La Presse – February 23, 2000
By Vincent Marissal
After annoying the Parti Québécois establishment for the past two weeks, Jean-François Lisée was at it again yesterday, this time with the federal Liberals. He made them stumble on the rule of 50% plus one.
Reversing the roles normally played by people appearing before parliamentary committees and the Members of Parliament sitting on those committees, Mr. Lisée asked the Liberal majority several questions and received some astonishing replies.
The MP for Broadview-Greenwood, Dennis Mills answered, contrary to his party’s line, that the federal government would have to negotiate with Québec after a YES if the question was clear. « Personally, I would say that if the question was clear, we would begin the process of negotiations, » Mr. Mills responded to the former adviser to Premiers Bouchard and Parizeau. Mr. Mills subsequently sided with the official position of Prime Minister Chrétien and the Minister of Intergovernmental Affairs, Stéphane Dion.
Mr. Dion said later that he didn’t know what his colleague Mr. Mills meant to say. Prime Minister Chrétien repeated that in his opinion, the debate on what constitutes a majority will not take place if sovereignists ask a clear question (on secession). « We want to have a clear question, » he said, « and if we have a clear question, the question of the majority will probably never be raised. »

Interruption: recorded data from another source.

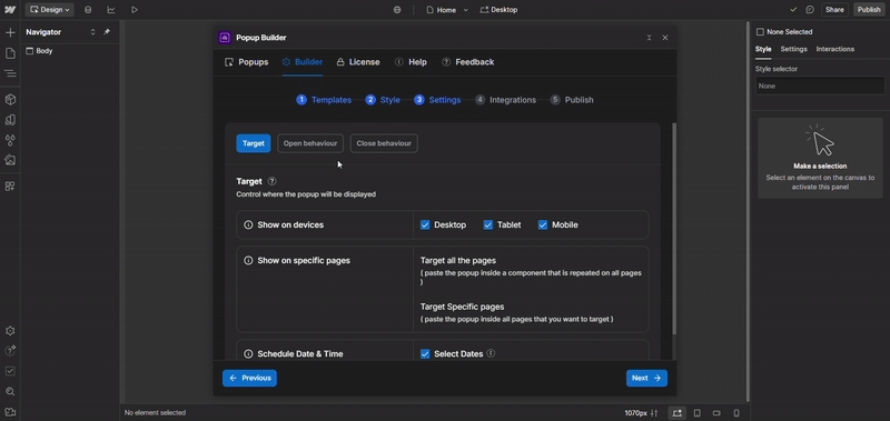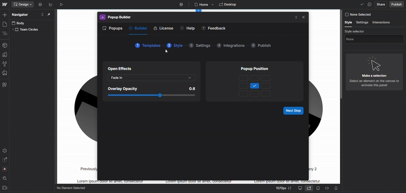 In the Style step of the Builder tab, you can configure the visual appearance and behavior of your popup.
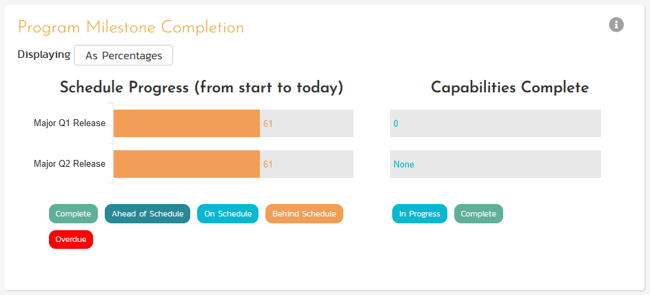 The program dashboards include several different reporting widgets to allow the PMO to see the status of the program. There is a capability view that lets you see the overall progress of the different program capabilities by milestone:
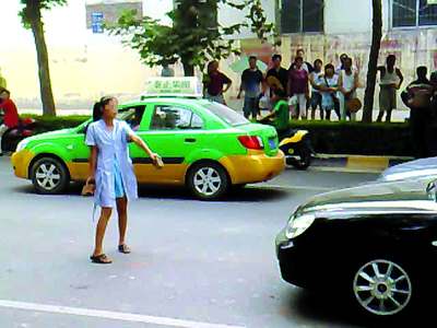 上午10時40分,女孩跑到一旁拿了路邊的磚塊,不停地往路中央扔,很多車見狀不敢前行。后來她干脆拎著兩塊磚,堵住高檔私家車!氨凰[得都堵車了,堵了100米,有五六分鐘。”目擊者姚先生說。一個婚禮車隊被堵住,一女士下車和她理論,兩人扭打在一起。姚先生說,女孩后來被兩個男的推倒,可能是摔疼了,跪在地上不停地哭。11時,民警趕到后將其帶走。
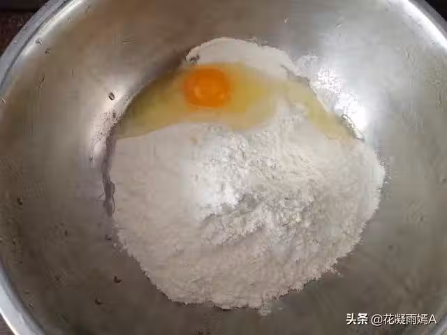 第一步:先把麵粉放入盆中,放入鹽再打入一個雞蛋,我們三口人放了400克麵粉,如果家裡人多,再按比例增加麵粉和水,放雞蛋的話,油條會很酥脆蓬鬆,加鹽的作用是使麵粉增加筋性。

On the substance of the « clarity » bill, Jean-François Lisée succeeded in demonstrating that negotiations between Québec and the federal government would be virtually impossible, even with the agreement of the Canadian Parliament. Bill C-20, the former journalist pointed out, stipulates that any agreement on the secession of Québec must be validated by a constitutional amendment. Before agreeing to amend the Constitution, Ontario, Alberta and British Columbia would have to get the backing of their respective populations by referendum.
« If the Canadian government, supported by the House of Commons, negotiated and signed an agreement and adopted, in principle, the amendment on the Constitution of Québec, how many of you will campaign for the YES in Kelowna, Edmonton and Mississauga? » Mr. Lisée asked the members of the committee.
Stéphane Dion, the sponsor of the « clarity » bill, tried to minimized the impact of the critical comments made by former [Québec] Liberal [Party] leader Claude Ryan, who considers Ottawa’s undertaking useless and abusive. « There’s not a great deal of disagreement, » Mr. Dion stated. « He says that federal authorities would have to evaluate the clarity, he wants this to be after the referendum vote, and that’s what the bill provides, except for the question, which would be known before the referendum. You can’t run an entire campaign without telling the people whether you find the question clear. That would be absurd. »
Mr. Ryan’s opposition comes precisely from the fact that the federal government wants to decide before the referendum.
« The power to judge the clarity of the question that would be assigned to the federal Parliament would bring about Parliament’s obvious intrusion in a referendum campaign that was already underway, » he maintained Monday evening at the legislative committee hearings.